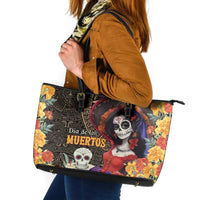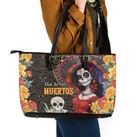 Mexico Day Of The Dead Leather Tote Bag La Catrina Mix Cempasuchil Aztec Pattern LT15
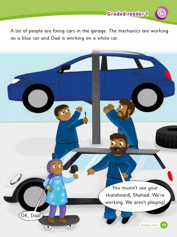 A lot o� people are �ixing cars in the garage. The mechanics are wor�ing
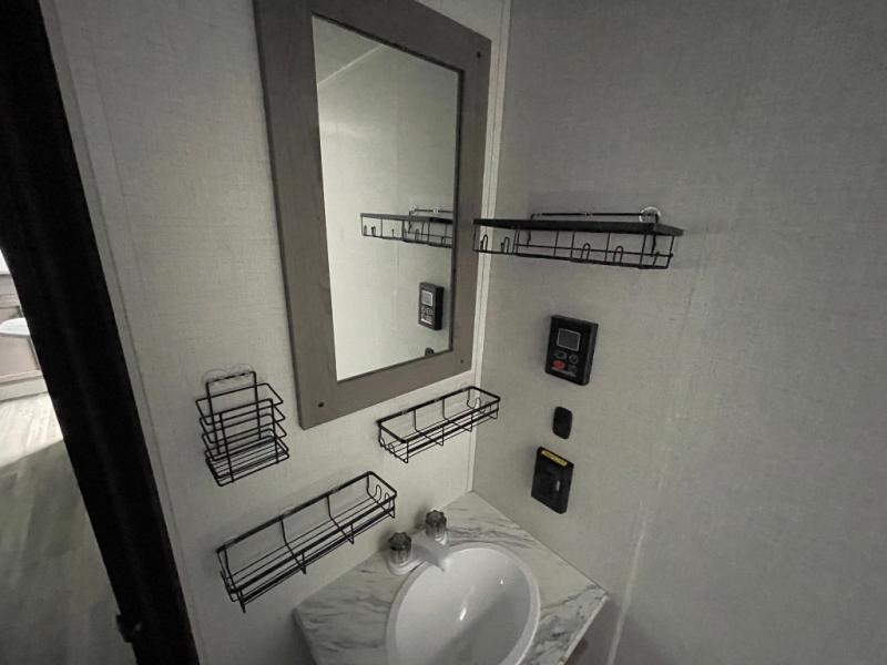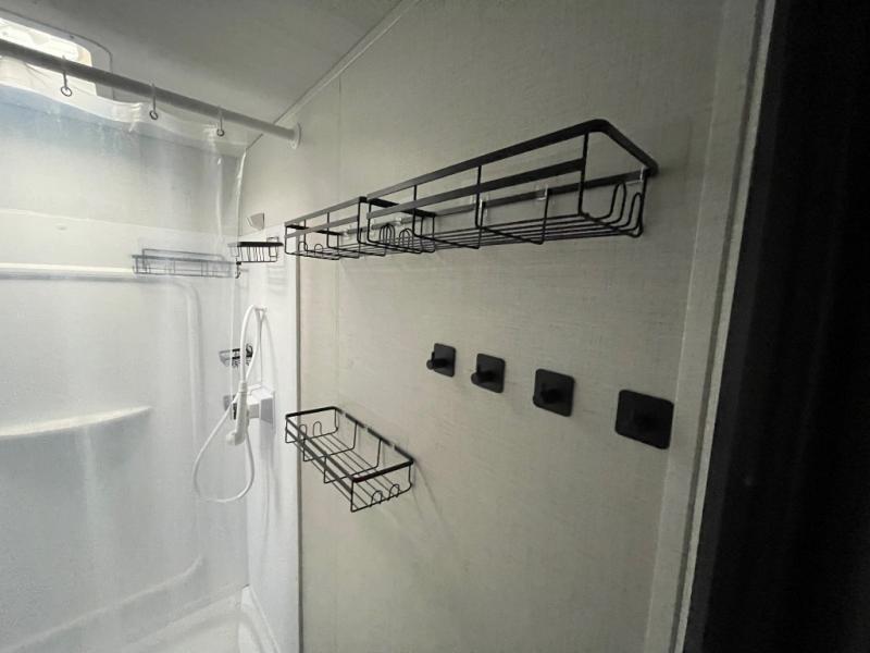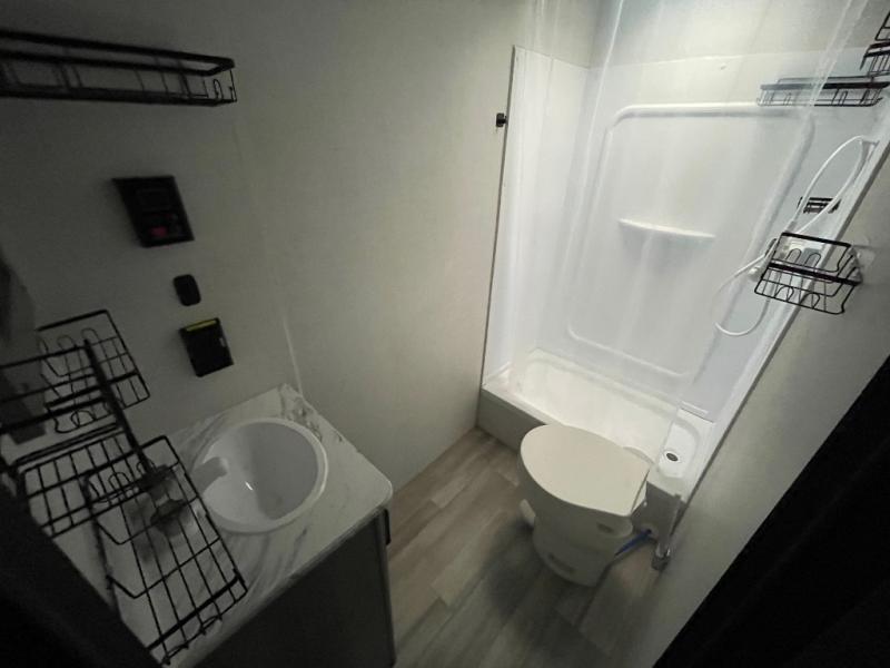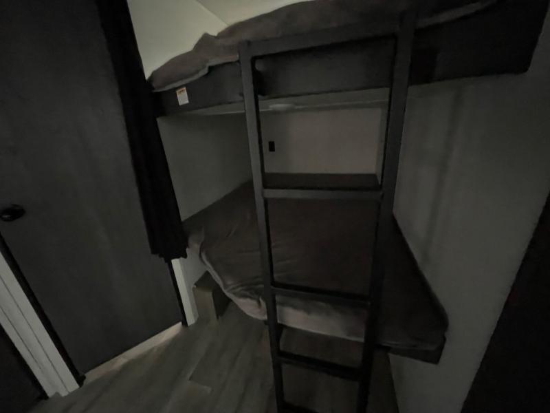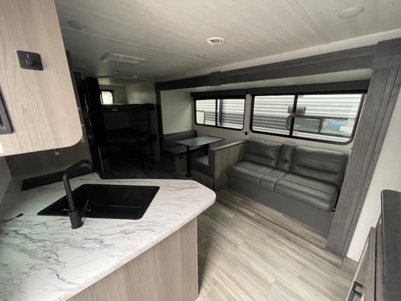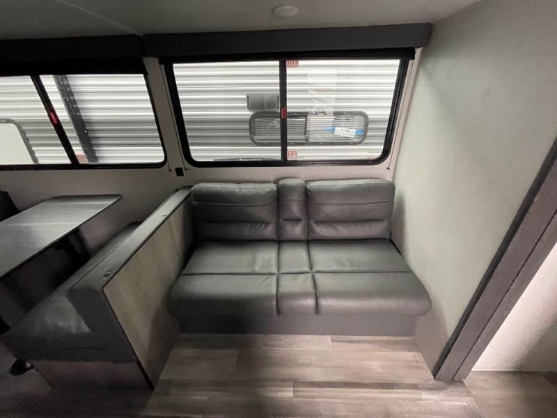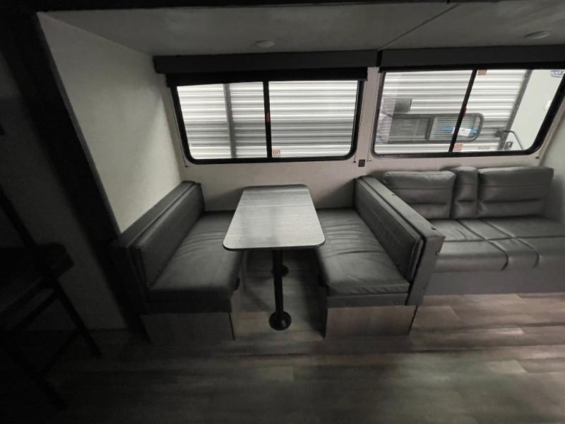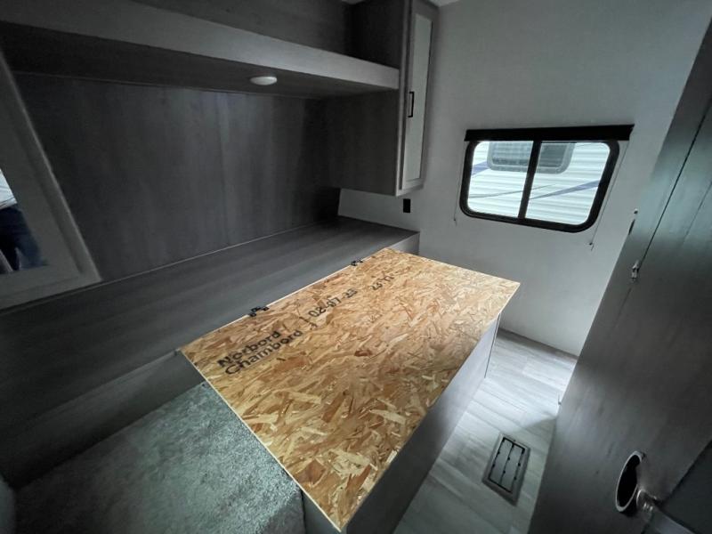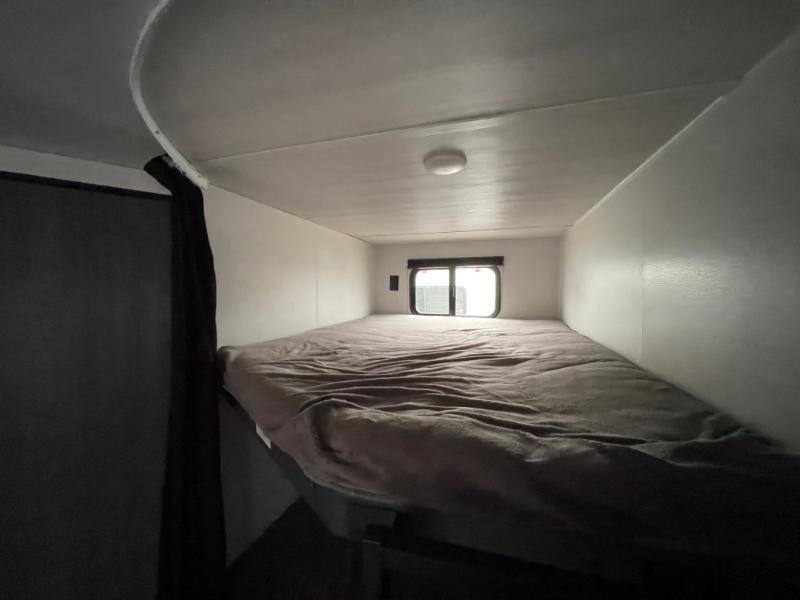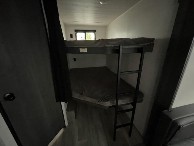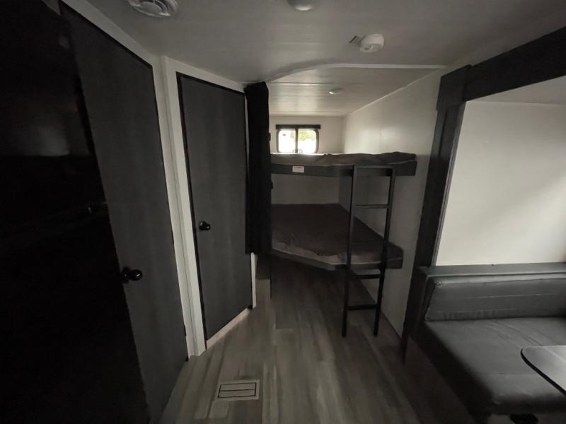 Pack your bags and head for the lake or woods in this spacious trailer! You can comfortably sleep nine to ten with the double-size bunks and the queen bed in the front private bedroom, plus the booth dinette and sofa in the main living area. There is even TV prep here if you want to add a television to the entertainment center for movie nights. The kitchen includes a 10 cu. ft. 12V refrigerator and an extra large pantry for food storage, plus a two burner cooktop to prepare meals each day. The full bath included will let you clean up after a day of exploring outdoors, and you'll find the second entry door here for convenience!

[Task item]
What is needed is a word-for-word copy of the lines from the start of the data to the line with "A lot o� people", inclusive, with no pictures in it.

[Solution to the exercise]
 Mexico Day Of The Dead Leather Tote Bag La Catrina Mix Cempasuchil Aztec Pattern LT15
 A lot o� people are �ixing cars in the garage. The mechanics are wor�ing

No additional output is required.